After his careful examination of the origins of southern Pentecostalism, Stephens sketches the movement's later evolution. Once apolitical, egalitarian, and pacifist, white Pentecostals in particular "came in some respects to look more and more like their perennial enemies" and "identified with the same kind of social and political conservatism they had once shunned or even openly condemned." Having experienced a steady rise in wealth and social status, few Pentecostal preachers today would spend their time warning against Sunday newspapers, oyster suppers, and neckties.
Crisply written, analytically clear, and full of colorful personalities, The Fire Spreads is the most significant study of Pentecostal origins since Grant Wacker's Heaven Below, and Stephens' four chapters on holiness Christianity provide an unparalleled introduction to that movement's emergence and growth in the South. Good books leave their readers wanting more, and Stephens' survey of more recent developments left me hoping he will return to these years with the same chronological and regional nuance that undergirds the earlier portions of his narrative. While Stephens notes the role of the Keswick movement and Dwight Moody in promoting both holiness and premillennialism, he sometimes credits southern Pentecostalism for what are more accurately seen as broader trends within American evangelicalism. For example, Stephens suggests Pentecostalism's responsibility for the ascendancy of premillennialism within American theology and culture, citing the popularity of Hal Lindsey's Late Great Planet Earth and the Left Behind series. But Lindsey (a graduate of Dallas Theological Seminary) and Tim LaHaye (a Bob Jones University alumnus) hale from segments of the evangelical/fundamentalist landscape that vigorously opposed the Pentecostal and charismatic fire. Evangelicals—and later fundamentalists—across the United States steadily embraced premillennialism during the late 1800s and early 1900s. Likewise, Keswick-style holiness and consecration imbued mainstream evangelicalism with perfectionistic teachings by the mid-20th century. In the 1950s, Billy Graham and Bill Bright—among many others—encouraged their followers to become "filled with the Spirit" by completely surrendering themselves in faith to Jesus Christ. Stephens could more fully explore the cross-fertilization between evangelicalism and fundamentalism on the one hand and Pentecostalism and the charismatic movement on the other.

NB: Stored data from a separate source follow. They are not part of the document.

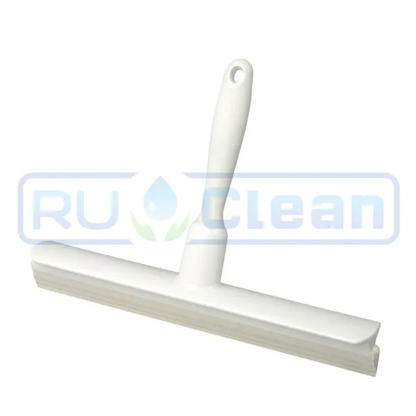 Ручной осушитель FBK с силиконовой резинкой для уборки столов из полипропилена. Осушитель представляет собой одинарную монолитную силиконовую пластину. Рукоятка съемная, длина – 175 мм. С одного прохода насухо убирает жидкость и влагу, не оставляет разводов и легко очищается.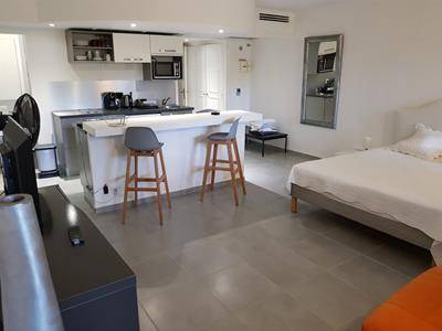 Studio de 40 m2 situé au rez-de-chaussé composé d'une entrée, d'un séjour donnant sur une terrasse couverte, d'une cuisine équipée, d'une salle de bain et d'un WC.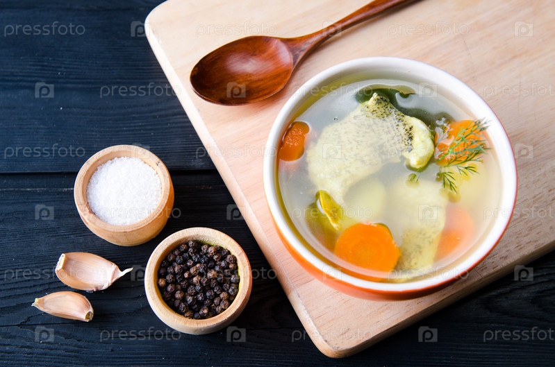 Рыбный суп подают на стол в тарелке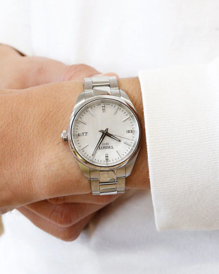 Предлагаем купить наручные часы Tissot T150.210.11.116.00 в г. Москва. Это женские часы из коллекции T-Classic. Водозащита до 100 метров позволит плавать, нырять и заниматься другими водными видами спорта, не беспокоясь о сохранности механизма. Надежное сапфировое стекло противостоит появлению царапин. Сапфировое стекло используется в дорогостоящих изделиях, это лучшее стекло для наручных часов, которое не царапается при механическом воздействии, его можно повредить только алмазом. Корпус часов изготовлен из стали, механизм — кварц. Кварцевые часы всегда точнее механических. В среднем, погрешность хода составляет 20 секунд в месяц. Кварцевые часы не нужно заводить, только менять батарейку раз в несколько лет.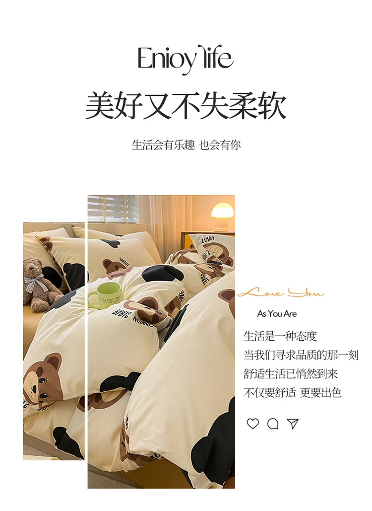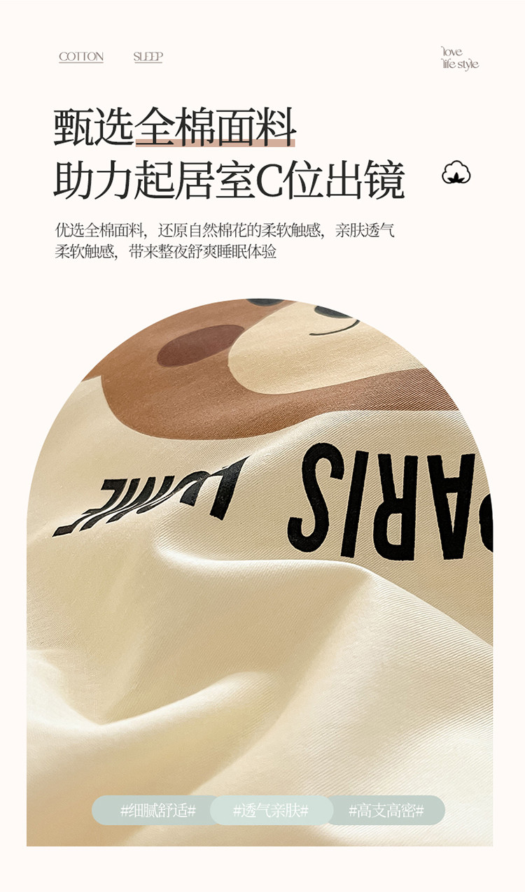 商品名称:蓝邻 2023年新款全棉印花单品系列-单被套 呆萌熊

I also wanted more description of the fire itself. Most of The Fire Spreads is a history of the holiness movement, focusing on transregional networks, intra-denominational conflict, and doctrinal development. The narrative really crackles once it reaches the emergence of Pentecostalism, as the movement's ecstatic spirituality comes to the fore. "That same electrifying Spirit that overwhelmed Cornelius and the apostles in Acts," writes Stephens, "was again available to all." Members of the holiness denominations left in droves, convinced that their familiar churches "could not generate this kind of excitement."
"O for a heart to praise my God," wrote Charles Wesley, "a heart from sin set free." My own experience has more closely approximated that described by Wesley's Baptist hymn-writing contemporary, Robert Robinson: "Prone to wander, Lord I feel it, prone to leave the Lord I love." Few denominational hymnals include Robinson's fourth verse to "Come Thou Fount of Every Blessing": "O that day when freed from sinning," he concludes, "I shall see Thy lovely face; Clothed then in blood washed linen, How I'll sing Thy sovereign grace." In this formulation, freedom from sin clearly comes only after entrance into eternal life. Of course, denominations find ways to make doctrinally specific hymns palatable for their own theologies. For instance, many Reformed Protestants substitute "promised rest" for "second rest" in Wesley's "Love Divine, All Loves Excelling." Such adaptations hint at doctrinal disagreements but also suggest their relative unimportance.